Wednesday, November 12, 2008

I hate winter!

I finally have a free day with no big demands. It's grey and cold outside. Do you prefer "grey" or "gray". I go back and forth. I'm reading "The Agony and the Ecstasy" by Irving Stone. It is amazing! It's about Michelangelo. It shows what a genius he is, and also what a genius Irving Stone is. Both get that beauty and art are both gifts from God.
I'm in the middle of producing the 2009 Ultimate Wedding Planning Show. I don't want to do it. I've asked managment to hire another producer. The person they have asked is too afraid to do it, so I'm stuck. But I'm trying to stand strong. I don't need the work, and I really think the show could use a fresh approach.
I have lots of things I want to write about. See, this is the bottom line. I don't want to produce lame local specials anymore. They are so time consuming. What I really want to do is write books. That's why I'm writing here. To at least start the juices flowing. I don't really want to be so narcissistic as to think my daily trivial triflings are of any interest to anyone but myself, but I feel like I need to commit to writing. Plus, I did get a little jealous when I heard some ladies at church say they were reading each other's blogs! What? I'm the writer. Why don't I have a blog? I know it's small and immature of me. But what can I say. At least, I'm honest enough to say it.
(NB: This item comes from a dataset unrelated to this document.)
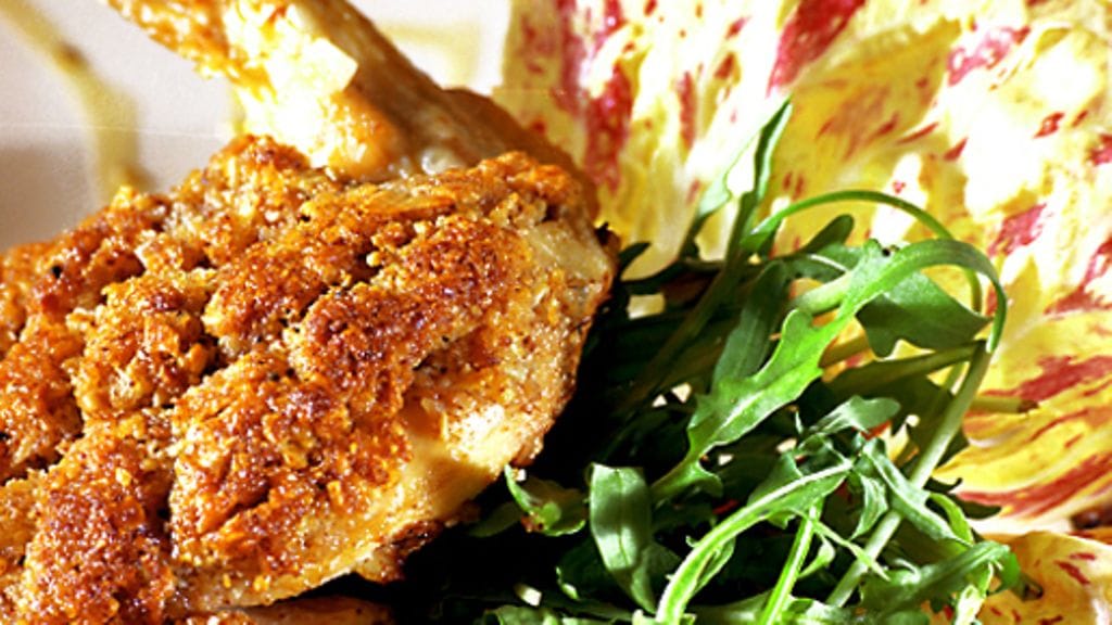 3. Levitä pähkinämassa rintaleikkeille ja pane uuniin 12-15 minuutiksi. Jaa rucolasalaatti neljälle lautaselle. Nosta paistetut rintaleikkeet rucolapedille ja koristele kokonaisilla pähkinöillä.

I do think the things I do at work are taking time away from what I really should be doing. I have moments of inpsiration when I know exactly what I should write and then other times I think everything I have to say is just stupid. So at least I'm committing to writing SOMETHING!
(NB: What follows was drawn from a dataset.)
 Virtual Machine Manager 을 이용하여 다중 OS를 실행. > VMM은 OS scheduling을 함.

Getting back to my title... Winter is not a good place for me. I like about two weeks of it. The two weeks right before Christmas, the first good snowstorm, a little snuggling up in front of the fire. BUT THAT's IT. It seems like a dead time of the year. Everything is so grey, gray and greay. It affects my mood and makes lack luster in all that I do. The only reason I have energy today is because I know I don't have to teach Seminary tomorrow. It's a day off for one of the school districts, so we have a day off tomorrow.

We have a little situation with one of our kids today, who when he/she returns home is about to find out he/she is so grounded for about ten years. I don't know how to handle these teenager issues. I feel like such a pushover sometimes. I know how to feel. I am disappointed by the behavior. But what can I say. I made huge mistakes in my youth and I figured it all out eventually. So what do I say?Do I just show love? Do I kick butt? I go between anger and sadness and disappointment to guilt about working. The list goes on and on. I have been reallyt trying not to work so much - hence tryng to get out of the Wedding Show, and I am most most days before the kids get home. So what else can I do. I push us all to have family home evening. I teach seminary. We've read the scriptures, we have family prayer every day. What else can I do?